As 2018 draws to a close, we need to be mindful of what we’re all racing towards. Racing being the keyword. Speed. We want speed in everything we do. As little resistance as is physically possible to what we want. Speed in page loading. Speed in checkout (I’m looking at you Amazon). Speed in the acquisition of required information. Why will Alexa and Google Home rule the day? Because it’s easier to just speak than to grab out my phone and type.

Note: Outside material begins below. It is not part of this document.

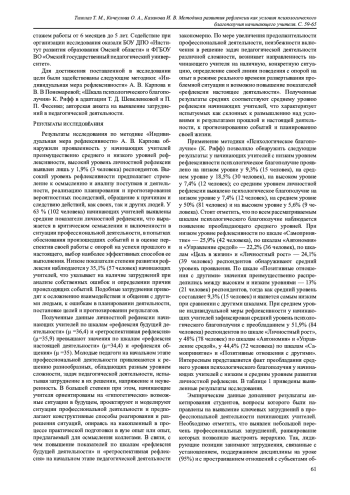 Применение методики «Психологическое благополучие» (К. Рифф) позволило обнаружить следующие результаты: у начинающих учителей с низким уровнем рефлексивности психологическое благополучие проявлено на низком уровне у 9,3% (15 человек), на среднем уровне у 18,5% (30 человек), на высоком уровне у 7,4% (12 человек); со средним уровнем личностной рефлексии выявлено психологическое благополучие на низком уровне у 7,4% (12 человек), на среднем уровне у 50% (81 человек) и на высоком уровне у 5,6% (9 человека).

So through the lens of the reality of where we are as a society, we need to be mindful of how important website visits actually are to our end goal. I’ll give you an example. Suppose a social agency with clients in their late teens and early twenties. They have a nice website and they do Facebook and Instagram and Google advertising and all that good stuff that proper entities should be doing. The ultimate goal is to get a client visit in the hopes of a desired client outcome. But the interesting thing here is that the desired outcome isn’t necessarily dependent on the client visit. We would like to believe it is, but the uptake of the information is really what’s required, whether that’s through the staff at the agency during a visit, or simply compelling media delivered digitally.
Let me give you a scenario. Through Google Ads a prospective client searches a keyword and hits the website. For whatever reason, said user exits the website without taking action. Sure it stinks but that’s reality. However, we’re still left with some pieces to work with. First, if that user saw our keyword and clicked on our ad, they’ve just shown us they’re in-market for the service being offered. Second, if we have Facebook Pixel and Google Remarketing tag set up, we now have a means to reach them. The traditional path would be to show them ads to get them back on the website for another crack at closing the sale. If we’re being stone-cold about what we really need for the outcome, and what’s needed is the desired decision, not the desired decision via the in-office visit via the website contact form, why send them back to the website at all? It’s just more speed bumps. Why not use the media to educate them on the desired outcome? 15 second videos and similar? Youtube recently launched a video sequencing option on the Google Ads platform. Supposing the aforementioned scenario, what if we created a 4-part video series that paralleled the “in office” experience. Sure it would lose the human touch, but it would drastically expand in reach! And all to that in-market audience we might have never had a shot at.
It’s almost 2019. As marketers let’s behave like it.